DWP rule changes to Statutory Sick Pay would save 7m workers from cliff edge

Changes to the DWP eligibility rules for Statutory Sick Pay would help millions of people across the UK, including around 650,000 in the West Midlands. The TUC and Centre for Progressive Change are calling for reforms to the current system to improve workplace health and prevent lower-paid employees from facing a financial crisis when they are unwell.

New analysis published by the two organisations shows that making SSP available from day one would benefit 649,000 employees in the region who would no longer have to wait until the fourth day of illness before getting any support. This is just over a quarter (26 per cent) of all employees in the West Midlands – and in some local authorities the proportion who will benefit is even higher.

Within the West Midlands, the rule changes would help just over 110,000 people in Birmingham, 43,000 in Coventry, almost 40,000 in Sandwell, 36,000 in Dudley, 22,000 in Solihull, 30,000 in Walsall, and nearly 27,000 in Wolverhampton. It would also benefit over 67,000 people in Worcestershire and nearly 105,000 in Staffordshire.

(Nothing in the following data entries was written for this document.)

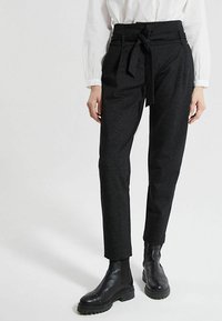 Pantalon noir taille haute avec ceinture à nouer, en tissu texturé et coupe fuselée. Porté avec des bottines noires.
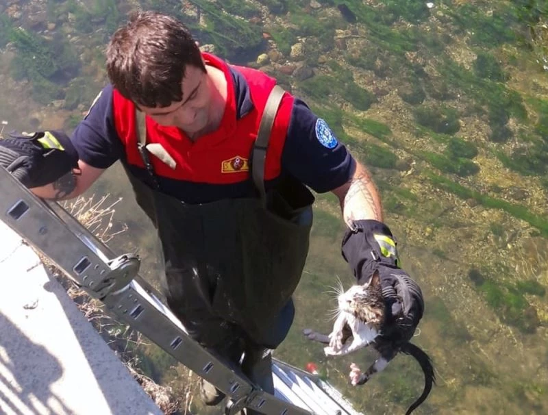 Fethiye Taşyaka Mahallesi 137 sokakta bulunan DSİ’ye ait su kanalında bir kedinin mahsur kaldığı bilgisinin ardından Büyükşehir Belediyesi Fethiye İtfaiye Grup Amirliği ekipleri su kanalına girerek mahsur kalan kediyi kurtardı.
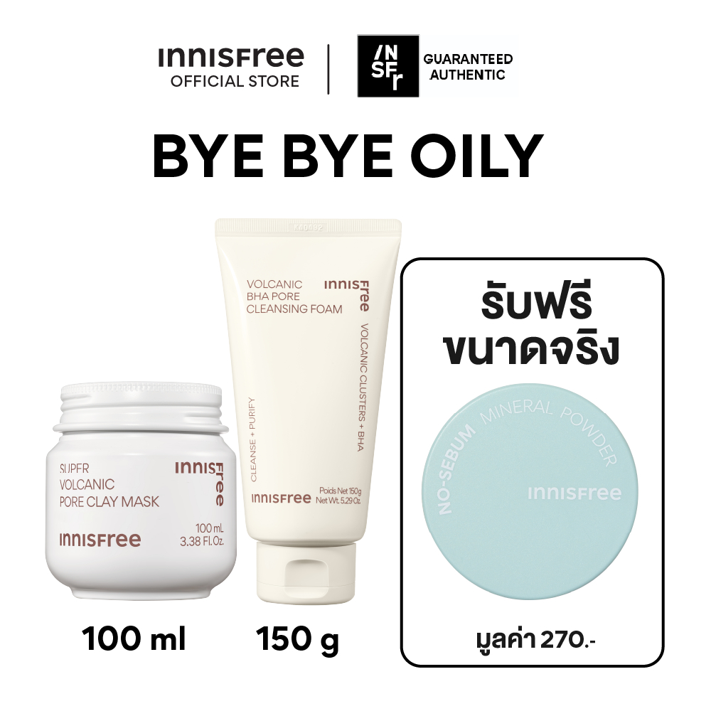[แถมฟรี! แป้ง No Sebum] Innisfree Bye Bye Oily Set (Volcanic Pore Clay Mask 100ml.+ Volcanic Foam 150g.) เซ็ตบอกลาผิวมัน

Across the UK, this law change would help 7.4 million workers overall, rising to more than a third for labourers and cleaners. The TUC and Centre for Progressive Change warned that without reform, workers will continue to face a financial cliff edge if they become sick at work, as their income takes an immediate plunge on the first day and support only starts three days later.

As a result of the current sick pay rules at the Department for Work and Pensions, those on the lowest pay are hit hardest. In the West Midlands, 120,000 workers get no SSP at all as a result of not meeting the lower earnings limit which stands at £123 a week since the new benefit rates came in this April. The vast majority missing out due to this lower earnings limit are women.


The TUC and Centre for Progressive Change are urging all the political parties contesting the General Election to commit to ending the four-day wait and giving sick pay protection to low earners. Removing the earnings limit would help around one million more workers, over two-thirds of whom are women.

The organisations say both of these measures are part of the Labour Party's New Deal for Working People and are supported by a range of organisations including Mind and Young Lives vs Cancer. They add that these reforms would make a big difference to many families as well as improve public health by reducing the risk of people going to work when sick and spreading infections.

Midlands TUC spokesperson Rob Johnston said: "Nobody should be plunged into hardship when they become sick. But hundreds of thousands of workers in the West Midlands face a financial cliff edge if they get ill. Making people wait three days before they get any support is just plain wrong – especially in the current cost of living crisis. That's why it is essential that SSP is available from day one and available to all.

"Being forced to work through illness is bad for workers and bad for public health. Labour's New Deal for Working People would fix this problem. With sick pay rights from the first day of sickness, you will know that your family is protected. And you can take the time you need to recover."

Amanda Walters, Director of the Centre for Progressive Change, which coordinates the Safe Sick Pay campaign said: "The three unpaid sick pay waiting days means a full-time worker on SSP gets an effective sick pay rate of just £1 an hour. Charities, workers, businesses and trade unions are calling for the next government to change this broken system.

"Sick pay that supports workers financially to take the time off they need means they're at less risk of being forced back to work before they are ready, spreading bugs or harming their own long-term health. This is good for workers, employers and the economy alike."